Your objective ▸ Leaving out all pictures, restate word for word the lines from the one with "شکل ۳ - فوتومیکروگراف" through the last line of the entries.

* * *

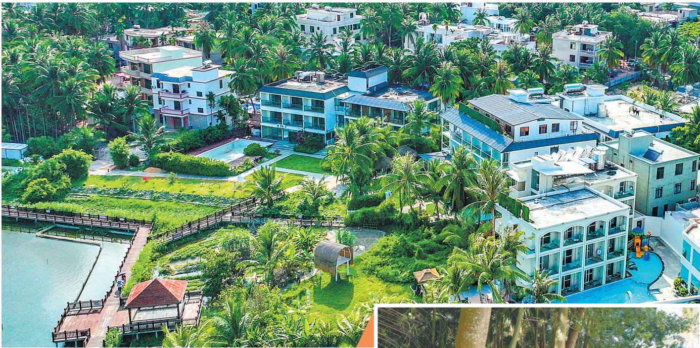
▲ 如今的三亚博后村,已成为名副其实的“民宿村”。 ► 启动美丽乡村建设之前的博后村。

4月20日,位于三亚博后村的玫瑰花花香四溢,2025年三亚玫瑰文化节刚刚闭幕,上万名国内外游客共赴“玫瑰之约”。 许多游客不知的是,早些年,博后村还是另一番景象:土地盐碱化严重,农作物难以生长,村民们守着微薄的收成,艰难维持生计。 转机出现在2013年。当年,习近平总书记来到博后村考察,提出“小康不小康,关键看老乡”的重要论述。 此后,博后村因地制宜,加大力度发展特色产业。在盐碱地改良的同时,相关企业也在玫瑰种植业基础上,打造出集玫瑰游览观光、二次加工于一体的产业链,不仅美化了乡村环境,还带动了村民就业增收。 随着三亚市委、市政府将博后村就地改造为5A级美丽乡村,村民们纷纷改造自家房屋,开办各具特色的民宿。民宿产业如雨后春笋般兴起,从最初的几家发展到如今的70余家,客房超2000间,2024年接待过夜游客约106万人次,实现营业收入1.5亿元。博后村已成为海南规模最大的民宿村之一。 村民们在家门口创业就业,收入多元化,日子越过越红火。从昔日的贫困落后到如今的幸福宜居,博后村的华丽转身,是海南深入实施乡村振兴战略的鲜活样板,也是村民们用勤劳双手创造美好生活的生动写照。 (本报三亚4月20日电)
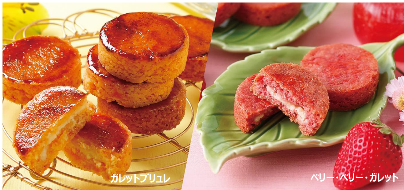
ガレットブリュレ

イラストレーター イフクカズヒコ氏のイラストによるブック型パッケージが手土産に最適。
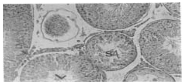
شکل ۳ - فوتومیکروگراف مقطع بیضه در موش صحرائی پس از مصرف مترونیدازول روزانه ۴۰۰ میلی‌گرم بر کیلوگرم در روز: لوله‌های اسپرم ساز با بافت بینابینی دیده می‌شود. پیکنوز در سلول‌های لیدیگ (LC) دیده می‌شود. کاهش تعداد اسپرماتوزوئیدها (S4) نیز واضح است. (بزرگ‌نمایی ۲۱۰۰)
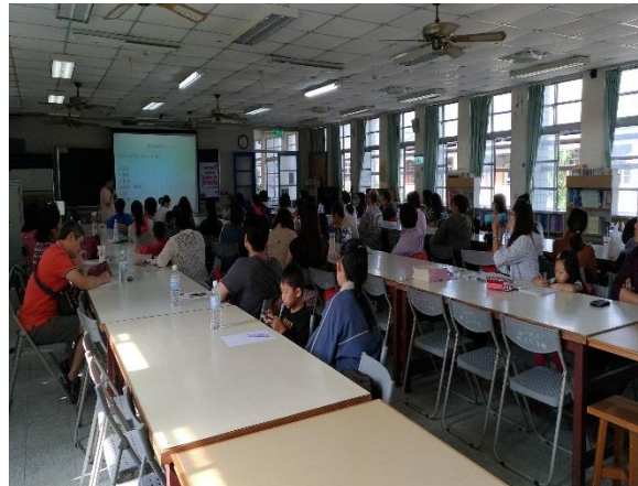
講演內容精采生動，家長用心聆聽

* * *

Solution for this problem ▸
شکل ۳ - فوتومیکروگراف مقطع بیضه در موش صحرائی پس از مصرف مترونیدازول روزانه ۴۰۰ میلی‌گرم بر کیلوگرم در روز: لوله‌های اسپرم ساز با بافت بینابینی دیده می‌شود. پیکنوز در سلول‌های لیدیگ (LC) دیده می‌شود. کاهش تعداد اسپرماتوزوئیدها (S4) نیز واضح است. (بزرگ‌نمایی ۲۱۰۰)
講演內容精采生動，家長用心聆聽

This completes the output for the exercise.